Substitutions occur on-the-fly, so teams typically take the opportunity to sub immediately after gaining possession of the disc. In pick-up-play, subbing on a mistake (turnover, drop) is the usual practice.

===Field setup===

Source:

The Goaltimate field is a circle 45 yd in diameter. PVC piping forms an arch (the "goal") 11 ft high and 18 ft wide at the base and is located at the front of the end zone. The end zone is a half-oval 24 ft wide and 24 feet deep. The back of the end zone starts 2 yd from one end of the playing field. A poach zone is often set up in front of the goal in order to prevent defensive players from setting up their initial defense at the goal line (which prevents Two-point throws) while the offensive team clears the disc. The poach zone is identical to the end zone and is a half-oval, 24 ft wide and 24 feet deep. A Clear Line/Two-point line 24 yd wide and 10 yd deep at the center is located 25 yd in front of the goal. The substitution box is at one side of the field. Complete instructions on how to make a PVC set with 1" PVC, couplings, 2 pieces of Rebar and a hammer are available here.

A common alternate field setup which uses a rectangular field is described on the USA Goaltimate web site .

===Strategy===
Goaltimate offensive strategy mimics that of a basketball offense's half-court set. Offensive players stand to the fore of the scoring area and make streaking cuts behind the goal. Throwers attempt to either strike through the goal, or, when this is impossible, throw the disc to an open player in position before the goal. Defenders position themselves between the offensive players and the scoring area, and attempt to minimize throwing windows by remaining aware of where the disc is and where a scoring opportunity may ensue.

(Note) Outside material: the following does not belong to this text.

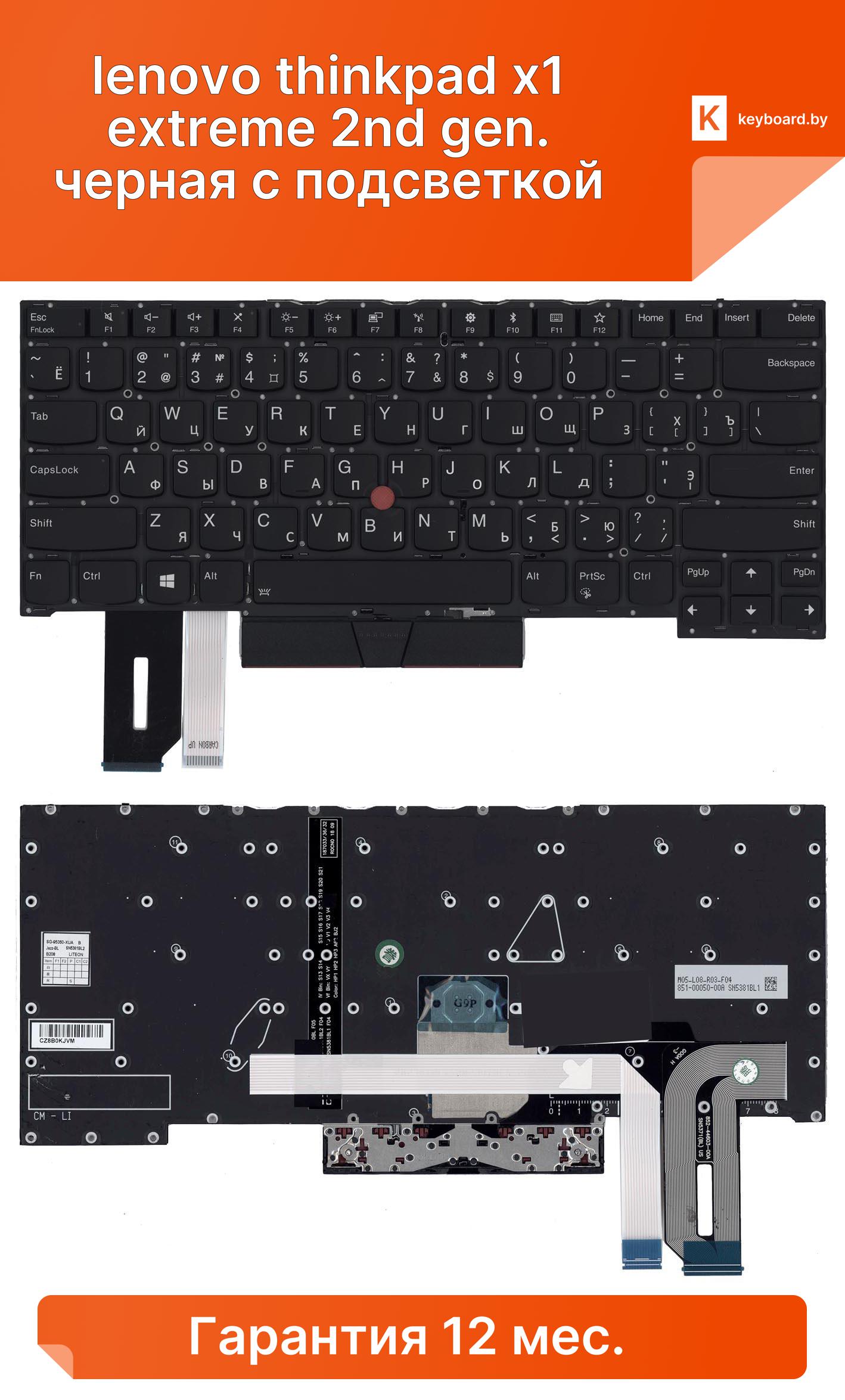 Клавиатура для ноутбука lenovo thinkpad x1 extreme 2nd gen. черная с подсветкой

Even in competitive play, defensive effort against a team trying to clear the disc is often token, as defenders will take the opportunity to rest or position themselves to prevent the two-point play. The soaring passes and long, streaking cuts familiar to observers of ultimate are typically only present in goaltimate games during the clear. The exception to lax defense on the clear is when a team gains possession well beyond the goal, as it becomes advantageous to leave the thrower unguarded, and double-team any cuts that are coming toward the thrower, similar to guarding an in-bounds pass after a score in a full-court press in basketball. Passing is typically quick, with short and fast cuts.

Turnovers occur with greater regularity in goaltimate than ultimate. Scores are frequently achieved in a burst of several in a row, when fatigued defenders find themselves merely chasing their assigned offensive players but unable to safely substitute out.

===Equipment===
Goaltimate requires a hoop to play. This might seem daunting to casual folks, but kits can be made using PVC pipe and setup can be done in about the same time it takes to set up an ultimate field. Goaltimate hoops are UV protected PVC (about $200 for a 'kit'). Usually rebar stakes are used to support the hoop on a grass field.

Goaltimate can also be played indoors. One setup used successfully was to put high-friction mats on a gym floor. On top of that were placed heavy cast iron Christmas tree stands. In the stands was fastened vertically 3.5 feet of 1.25 PVC, into which the normal hoop slid. In order to keep the hoop stationary, a bag of rocksalt was placed on each tree stand.

Instead of building a homemade kit, Goaltimate kits can be purchased online. One company, GoaltyLife, has engineered Goaltimate Kits both for indoor and outdoor use. Their kits use a foldable tent-pole style arch and custom anchors for support.

Low-profile cones are used to demarcate the end zone and clear lines. The round field is sometimes changed to a square or rectangle shape to ease setup (or Goaltimate is played with no boundaries).